Codex CLI for Static Analysis: Agent-Driven Semgrep Rule Authoring, CodeQL Query Generation, and Security Scanning Pipelines

Codex CLI for Static Analysis: Agent-Driven Semgrep Rule Authoring, CodeQL Query Generation, and Security Scanning Pipelines
Static analysis tools catch bugs before they reach production, but writing custom rules is tedious enough that most teams never do it. Semgrep rules require YAML pattern syntax; CodeQL queries demand a Datalog-derived query language with a steep learning curve 1. The result: organisations run the default rulesets and miss project-specific vulnerability classes entirely.

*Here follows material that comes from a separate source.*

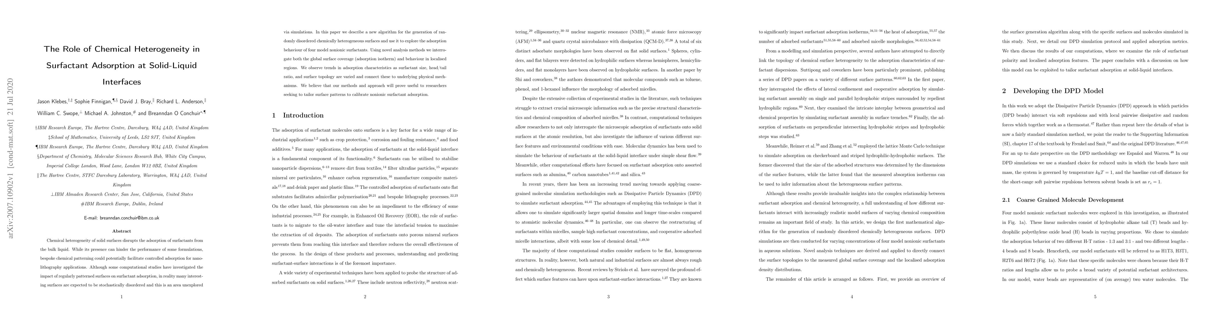 Chemical heterogeneity of solid surfaces disrupts the adsorption of surfactants from the bulk liquid. While its presence can hinder the performance of some formulations, bespoke chemical patterning could potentially facilitate controlled adsorption for nanolithography applications. Although some computational studies have investigated the impact of regularly patterned surfaces on surfactant adsorption, in reality many interesting surfaces are expected to be stochastically disordered and this is an area unexplored via simulations. In this paper we describe a new algorithm for the generation of randomly disordered chemically heterogeneous surfaces and use it to explore the adsorption behaviour of four model nonionic surfactants. Using novel analysis methods we interrogate both the global surface coverage (adsorption isotherm) and behaviour in localised regions. We observe trends in adsorption characteristics as surfactant size, head/tail ratio, and surface topology are varied and connect these to underlying physical mechanisms. We believe that our methods and approach will prove useful to researchers seeking to tailor surface patterns to calibrate nonionic surfactant adsorption.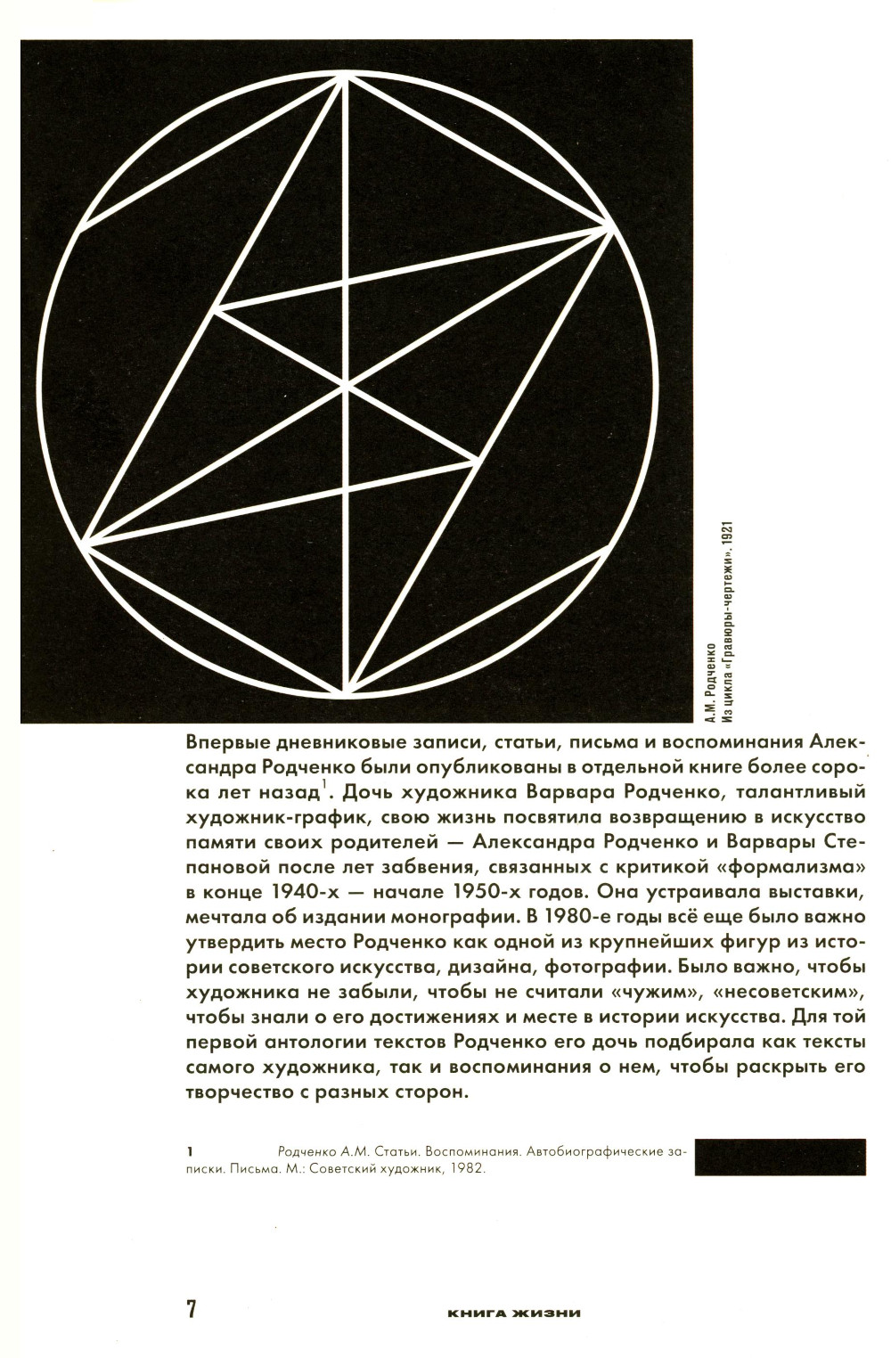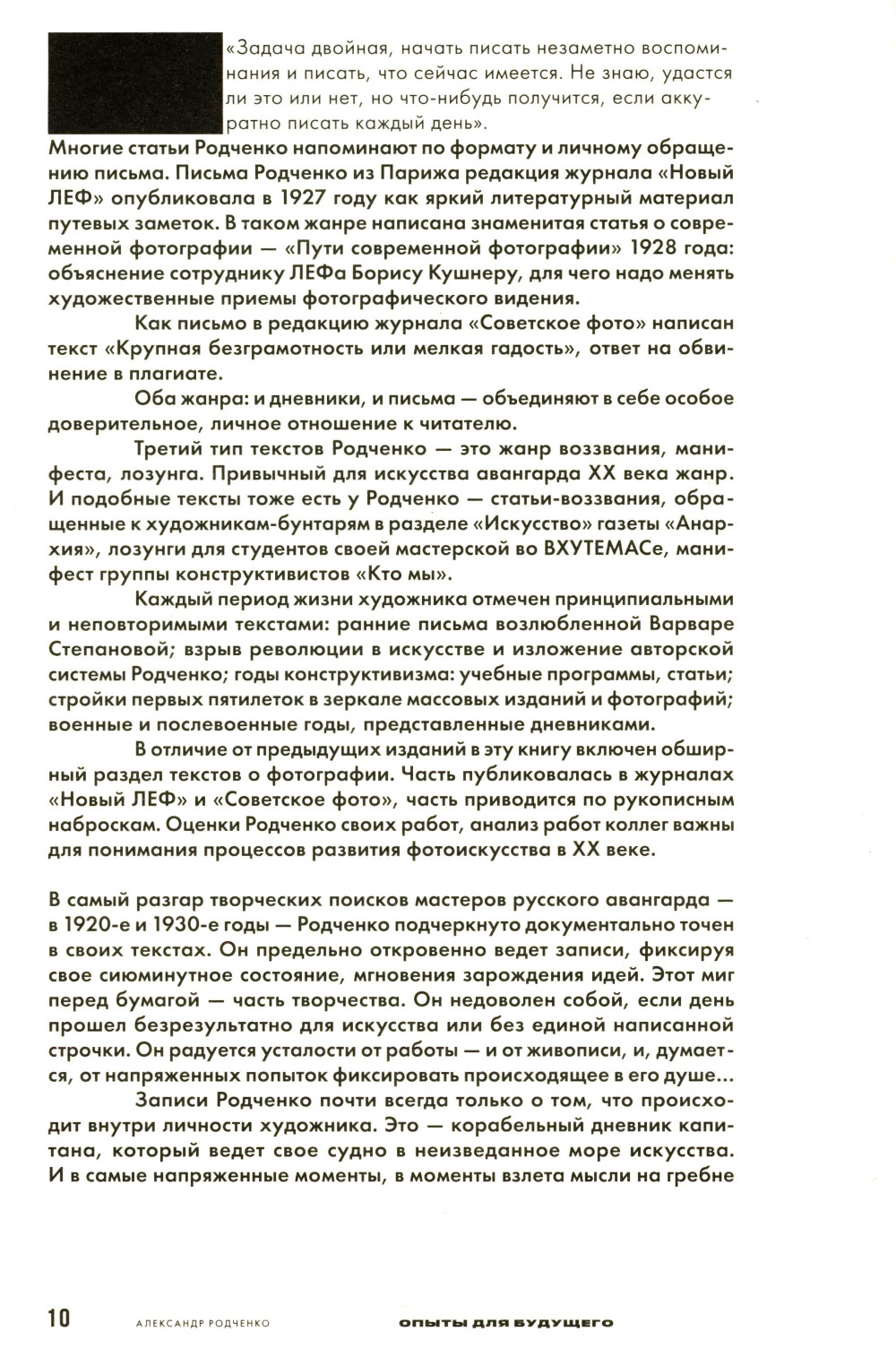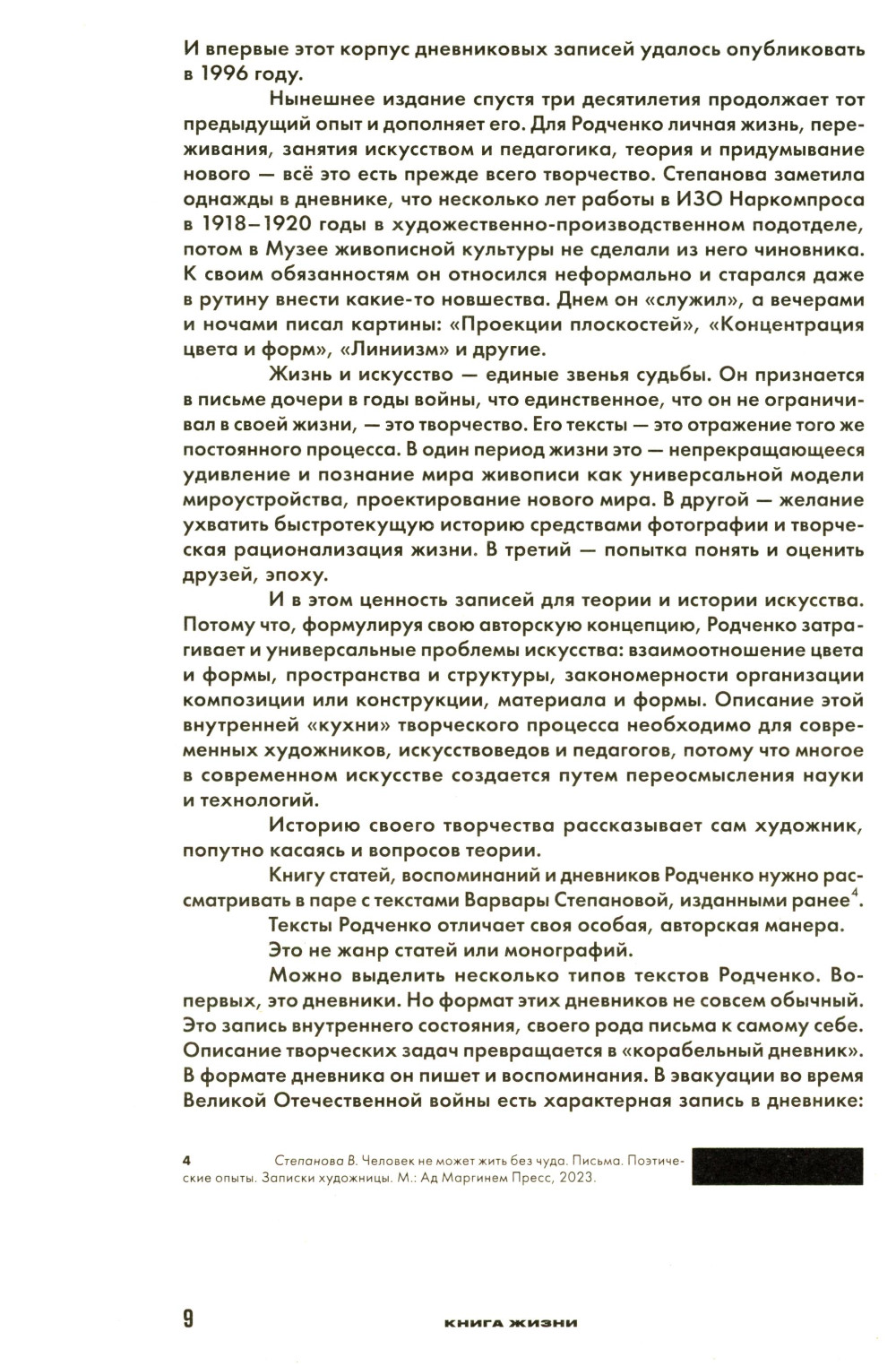 Сборник дневниковых записей, статей, писем, стихов и манифестов Александра Родченко (1891 -1956) - это не только хроника жизни одного из творцов русского конструктивизма, но и история целого направления в искусстве. Вся жизнь была для Родченко непрекращающимся творческим процессом, серией «опытов», которые прекрасно отражены в его текстах разных лет: в беспредметных стихах, посвященных его будущей жене Варваре Степановой, в личных заметках, полных восхищения и удивления от погружения в мир искусства, в статьях, посвященных фотографии и дизайну или «конструированию вещей», в записях о работе с современниками и друзьями - Маяковским, Ганом, Мейерхольдом, Кандинским и др. Родченко удалось очень точно передать ощущение современной ему эпохи революционных открытий, смелых экспериментов, для которой, как писала Варвара Степанова, «будущее - единственная цель».| Издательство | Ад Маргинем Пресс |

Codex CLI changes this calculus. By combining the Semgrep MCP server for real-time scanning, codex exec for batch rule generation, and AGENTS.md guardrails for rule quality, you can build a pipeline that turns ad-hoc security knowledge into tested, enforceable static analysis rules — without becoming a QL expert.
The Semgrep MCP Server in Codex CLI
Semgrep ships an official MCP server that exposes its scanning engine as tools callable by any MCP-compatible agent 2. The server bundles three Semgrep products — Code (SAST), Supply Chain (SCA), and Secrets detection — into a single integration 3.
Configuration
Add the server to your Codex configuration:
# ~/.codex/config.toml
[mcp_servers.semgrep]
command = "semgrep"
args = ["mcp"]
Prerequisites: Python 3.10+, semgrep installed via Homebrew or pipx, and semgrep login && semgrep install-semgrep-pro for the Pro engine 3.
Once configured, Codex sessions gain access to several MCP tools 2:
| Tool | Purpose |
|---|---|
security_check |
Rapid vulnerability scan on code snippets |
scan_code |
Full scan using standard rulesets |
scan_with_custom_rule |
Scan using a user-defined YAML rule |
get_rule_schema |
JSON schema for custom rule development |
get_ast |
Abstract syntax tree for structural analysis |
Unlike Claude Code’s hook-based Semgrep integration, Codex invokes Semgrep tools through MCP — the agent calls them explicitly rather than triggering on file writes 3.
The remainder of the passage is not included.